• **What is being asked**: In the data below, begin at the line with "女童连衣裙秋冬新款大童丝绒甜美红色新年圣诞公主裙加绒儿童裙子" and stop after the line with "We styled this"; output those lines exactly and no pictures.

• **Information given**:
+===+
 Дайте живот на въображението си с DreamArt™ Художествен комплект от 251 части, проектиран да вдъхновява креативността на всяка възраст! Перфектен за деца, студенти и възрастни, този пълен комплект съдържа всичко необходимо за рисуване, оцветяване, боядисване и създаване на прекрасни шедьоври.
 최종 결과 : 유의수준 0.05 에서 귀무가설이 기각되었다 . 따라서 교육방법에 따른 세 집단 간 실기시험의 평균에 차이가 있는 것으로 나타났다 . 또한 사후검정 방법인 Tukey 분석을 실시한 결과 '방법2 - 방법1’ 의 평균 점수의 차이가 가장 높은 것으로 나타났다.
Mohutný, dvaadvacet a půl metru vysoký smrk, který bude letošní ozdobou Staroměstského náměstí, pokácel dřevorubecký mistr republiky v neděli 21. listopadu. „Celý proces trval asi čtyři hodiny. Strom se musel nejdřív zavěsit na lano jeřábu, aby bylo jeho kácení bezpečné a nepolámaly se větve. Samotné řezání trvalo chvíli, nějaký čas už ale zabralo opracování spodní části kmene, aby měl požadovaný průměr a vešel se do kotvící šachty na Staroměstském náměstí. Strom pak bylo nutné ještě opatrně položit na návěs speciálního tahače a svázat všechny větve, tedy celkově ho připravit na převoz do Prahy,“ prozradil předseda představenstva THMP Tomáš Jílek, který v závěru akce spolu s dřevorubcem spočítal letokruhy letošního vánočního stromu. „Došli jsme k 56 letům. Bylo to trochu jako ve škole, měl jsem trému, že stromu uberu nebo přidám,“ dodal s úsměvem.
+===+
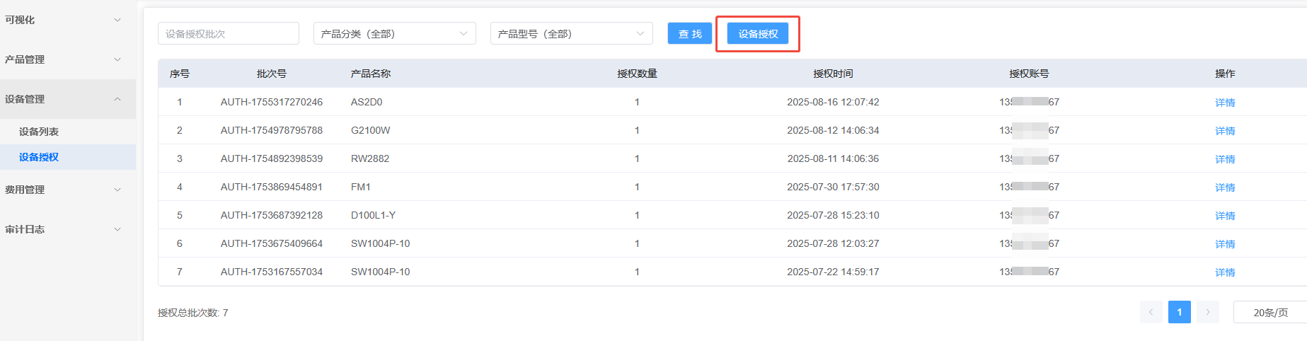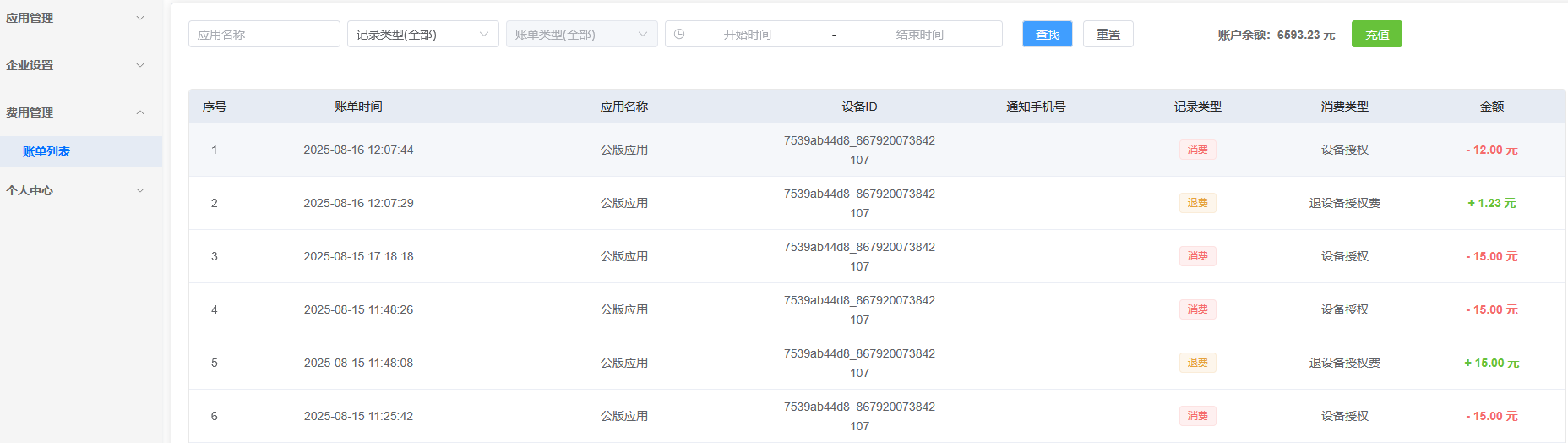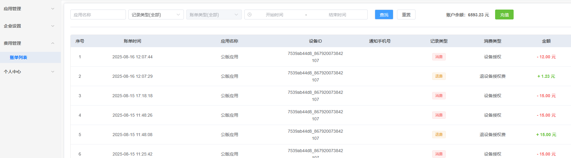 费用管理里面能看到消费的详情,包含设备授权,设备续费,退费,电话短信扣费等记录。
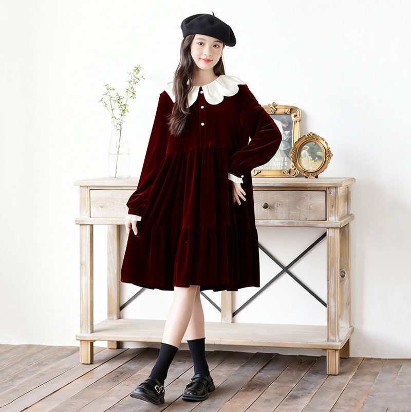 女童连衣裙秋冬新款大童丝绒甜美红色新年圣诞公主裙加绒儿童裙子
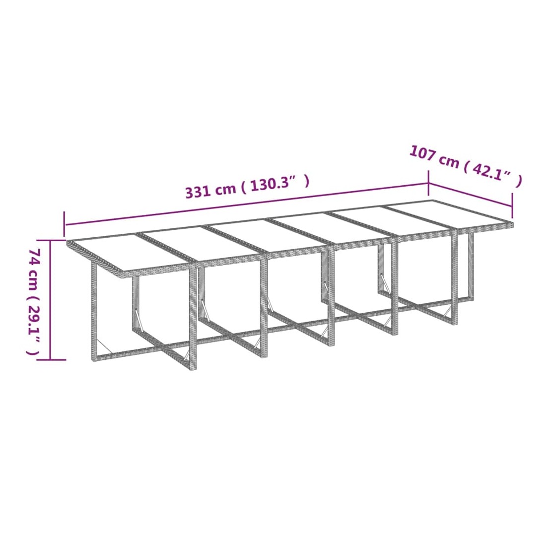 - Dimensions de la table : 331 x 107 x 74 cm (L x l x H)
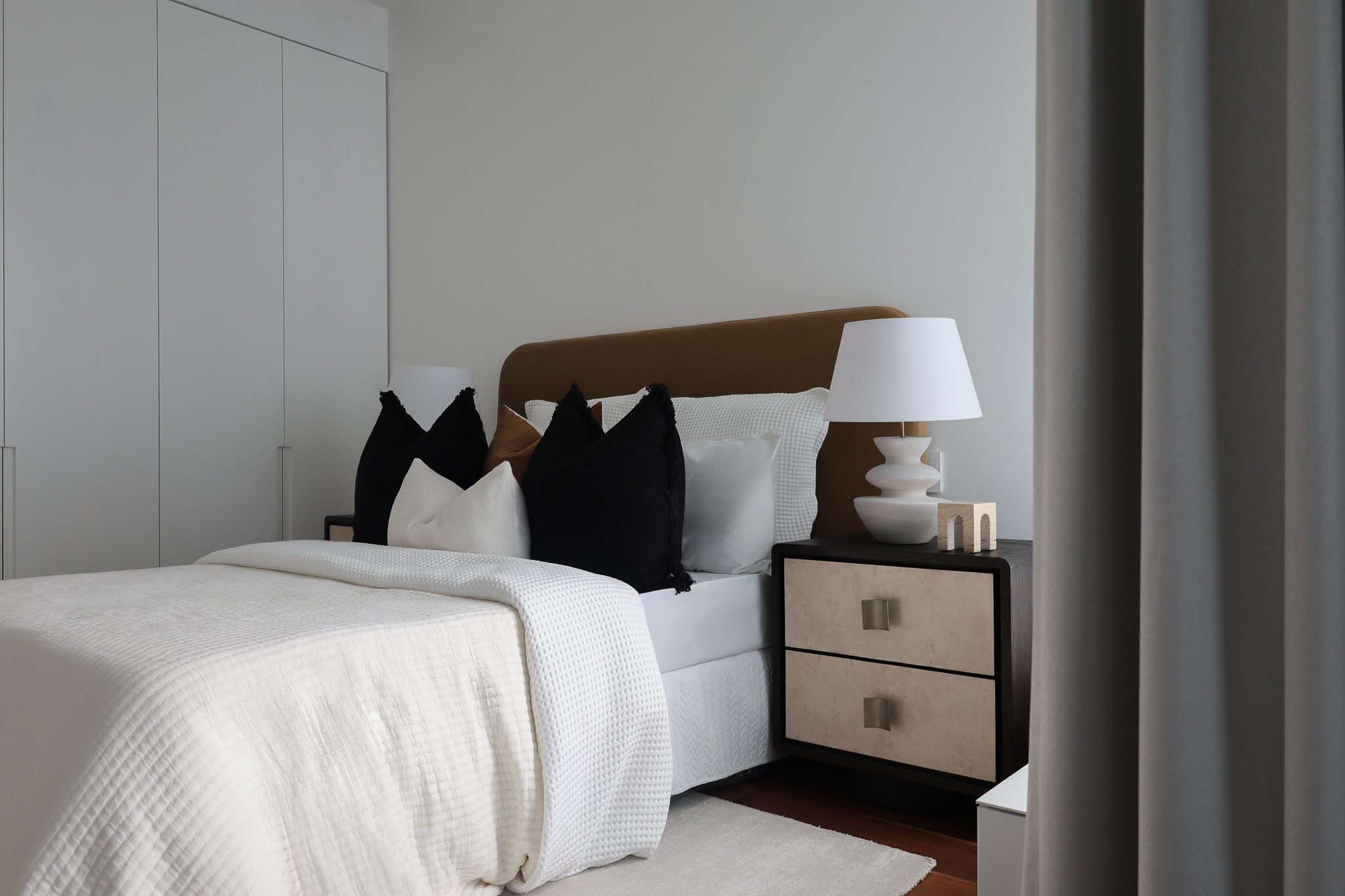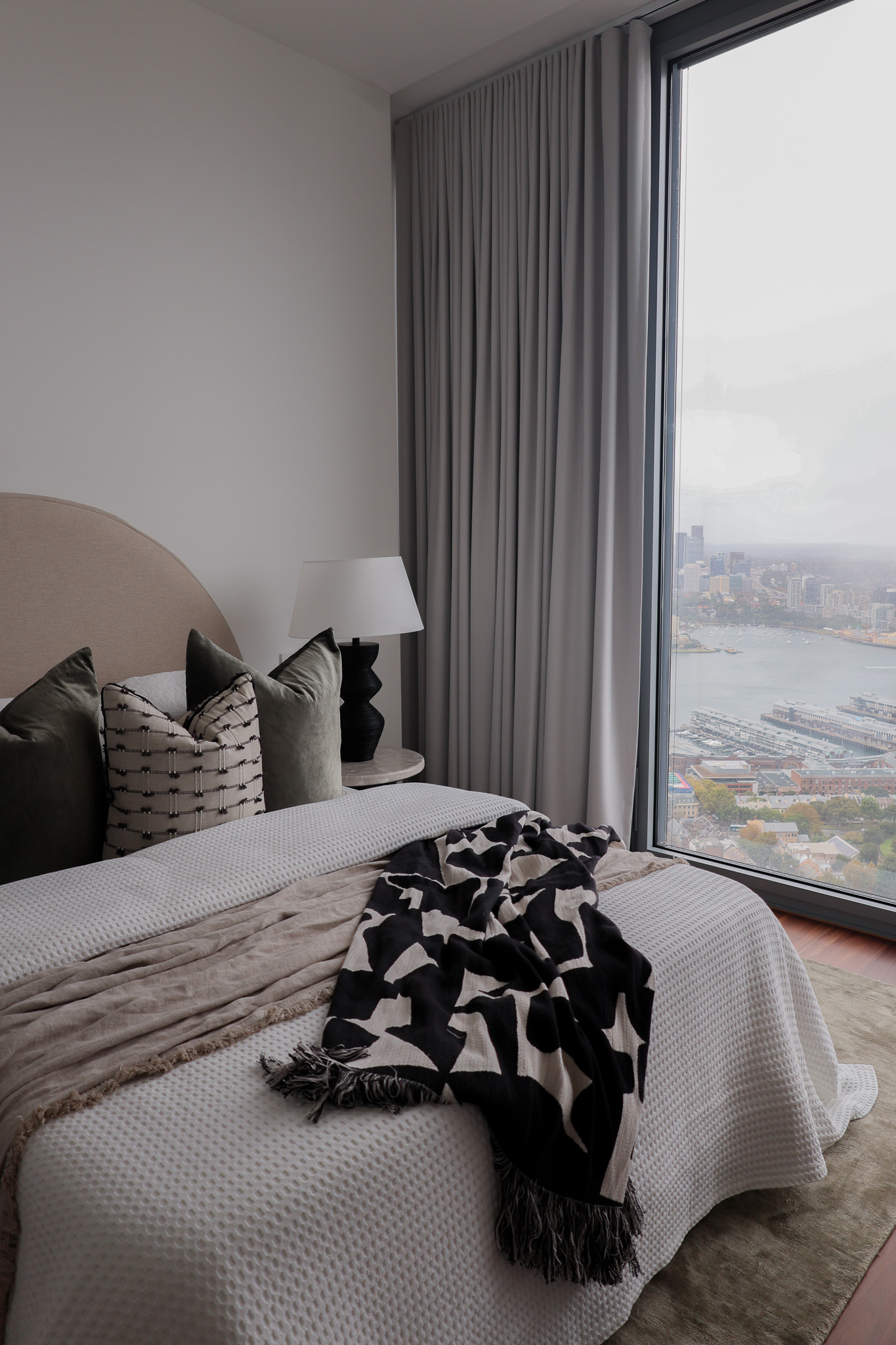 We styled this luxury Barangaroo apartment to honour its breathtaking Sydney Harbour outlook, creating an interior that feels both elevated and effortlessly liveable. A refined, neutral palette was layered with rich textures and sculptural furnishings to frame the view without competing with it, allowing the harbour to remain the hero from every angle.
+===+
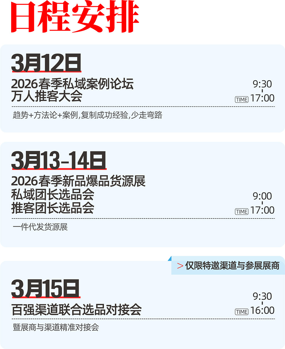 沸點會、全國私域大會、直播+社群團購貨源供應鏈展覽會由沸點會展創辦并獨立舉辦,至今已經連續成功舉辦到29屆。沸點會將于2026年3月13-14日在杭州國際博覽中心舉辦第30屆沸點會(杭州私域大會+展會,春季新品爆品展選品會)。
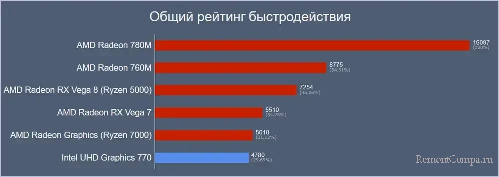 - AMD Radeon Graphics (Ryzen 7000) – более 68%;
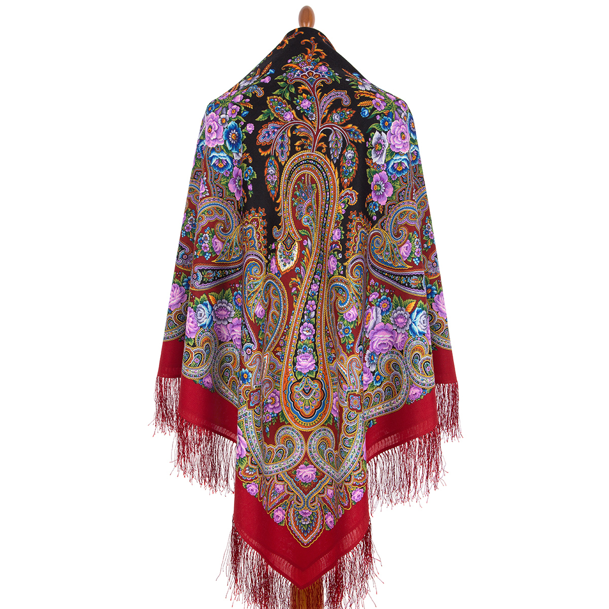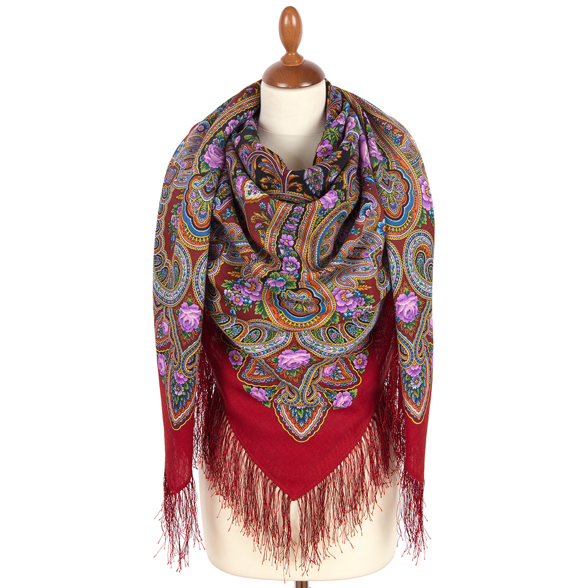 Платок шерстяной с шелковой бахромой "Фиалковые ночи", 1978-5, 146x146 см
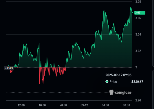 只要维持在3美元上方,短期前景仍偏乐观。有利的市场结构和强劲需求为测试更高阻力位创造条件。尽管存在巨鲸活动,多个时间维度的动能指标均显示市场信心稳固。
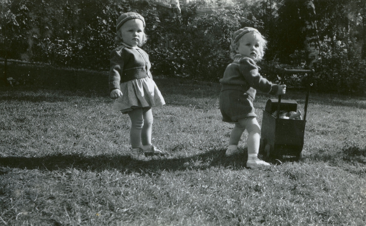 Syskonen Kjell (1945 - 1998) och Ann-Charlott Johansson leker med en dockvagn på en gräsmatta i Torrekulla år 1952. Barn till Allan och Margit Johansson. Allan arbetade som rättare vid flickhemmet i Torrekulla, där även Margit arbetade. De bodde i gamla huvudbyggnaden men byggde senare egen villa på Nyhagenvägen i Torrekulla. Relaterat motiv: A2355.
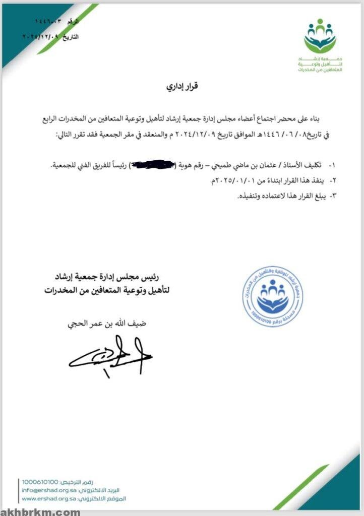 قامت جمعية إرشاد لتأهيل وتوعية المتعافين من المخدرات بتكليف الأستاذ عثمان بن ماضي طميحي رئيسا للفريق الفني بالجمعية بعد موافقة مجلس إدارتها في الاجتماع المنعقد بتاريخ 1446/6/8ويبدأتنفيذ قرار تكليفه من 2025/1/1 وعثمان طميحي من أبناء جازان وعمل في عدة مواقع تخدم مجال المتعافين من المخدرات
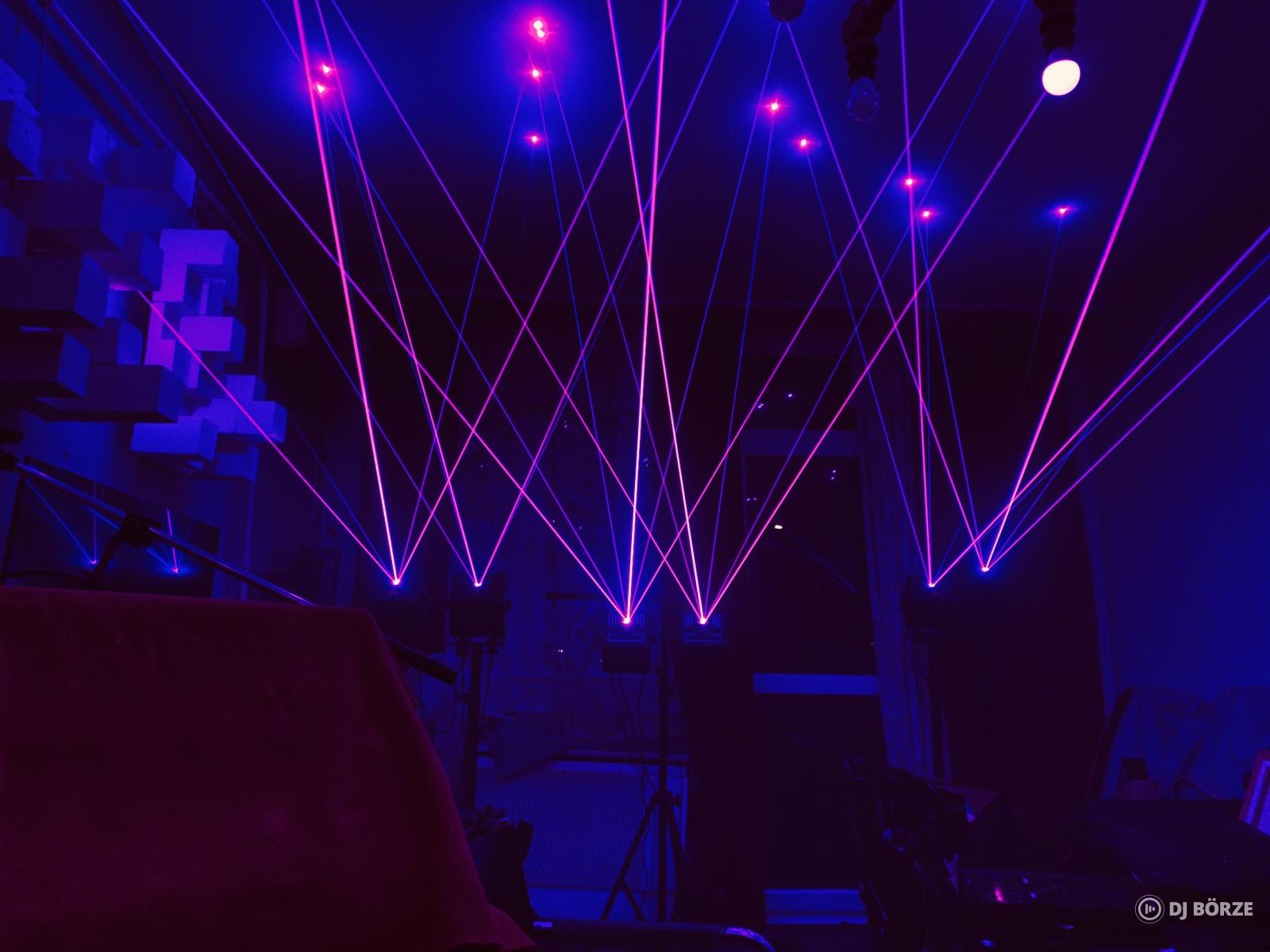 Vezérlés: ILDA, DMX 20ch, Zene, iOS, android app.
+===+
• **Answer box**:
 女童连衣裙秋冬新款大童丝绒甜美红色新年圣诞公主裙加绒儿童裙子
 - Dimensions de la table : 331 x 107 x 74 cm (L x l x H)
 We styled this luxury Barangaroo apartment to honour its breathtaking Sydney Harbour outlook, creating an interior that feels both elevated and effortlessly liveable. A refined, neutral palette was layered with rich textures and sculptural furnishings to frame the view without competing with it, allowing the harbour to remain the hero from every angle.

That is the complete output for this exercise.